Feathers, having been evolved, served in the wings and tail as important organs of flight. There is reason to believe that, once present, the growth of feathers was modified greatly by the degree of stimulation applied to the papillae at roots by the movement and bending strain of the feathers. The modification of the hones and of the wing, shoulders, and sternum by the functional stimuli involved in flying are obviously adaptations, and in my opinion are only to be explained as the hereditary effects of functional stimulation, like all skeleto-muscular adaptations.

The strains produced in bones by muscular contraction produce hypertrophy of the part of the bone to which the muscles are attached and thus we can understand the origin of the carina of the sternum in flying birds, and its absence in flightless forms.
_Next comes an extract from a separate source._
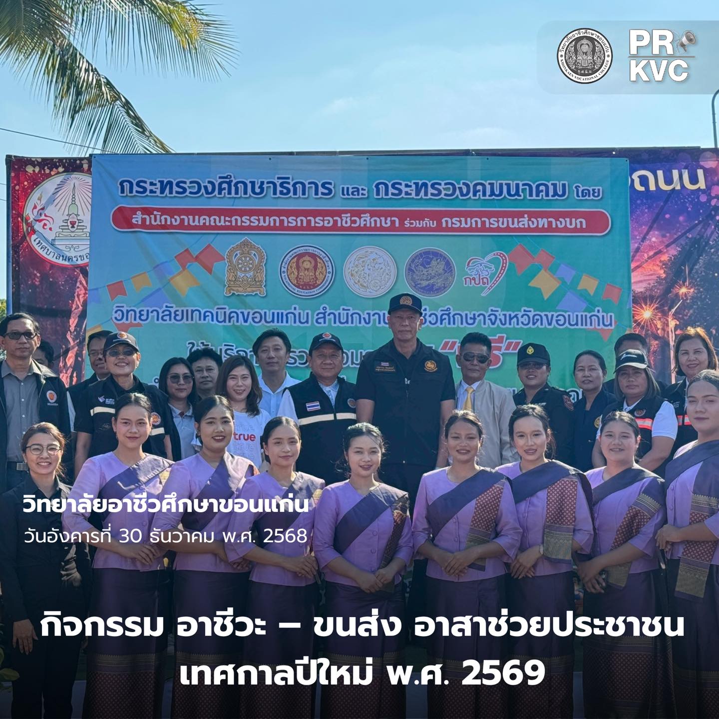 ดร.สิริรัชนา เนาว์โสภา ผู้อำนวยการวิทยาลัยอาชีวศึกษาขอนแก่นนำคณะผู้บริหาร คณะครู และนักเรียน นักศึกษา เข้าร่วมพิธีเปิดกิจกรรม “อาชีวะ–ขนส่ง อาสาช่วยประชาชน เทศกาลปีใหม่ 2569” 🚗🎉

In bats and in pterodactyls also the sternum is produced into a carina along the median line. The reduction of the digits of the wing in birds to three, with the bones firmly united together, would follow from their use in flight and their disuse as digits, and it would seem, from the fact that the flight-feathers must have been always on the posterior edge of the wing, and that the ulna is larger than the radius, that the three digits which have persisted are the 3rd, 4th, and 5th, and not the 1st, 2nd, and 3rd as usually taught. A comparison of the hind-limbs of birds with those of bats and pterodactyls suggests strongly that the patagium flyers have arisen from arboreal or climbing animals, while the birds arose from terrestrial forms which acquired the bipedal habit, as certain reptiles have. An arboreal animal would necessarily use all four limbs, as climbing animals actually do. The wings of birds, on the other hand, would have arisen, from the endeavour to increase speed by movements of the fore-limbs. The perching birds would therefore have arisen by later adaptations after the power of flight had been evolved.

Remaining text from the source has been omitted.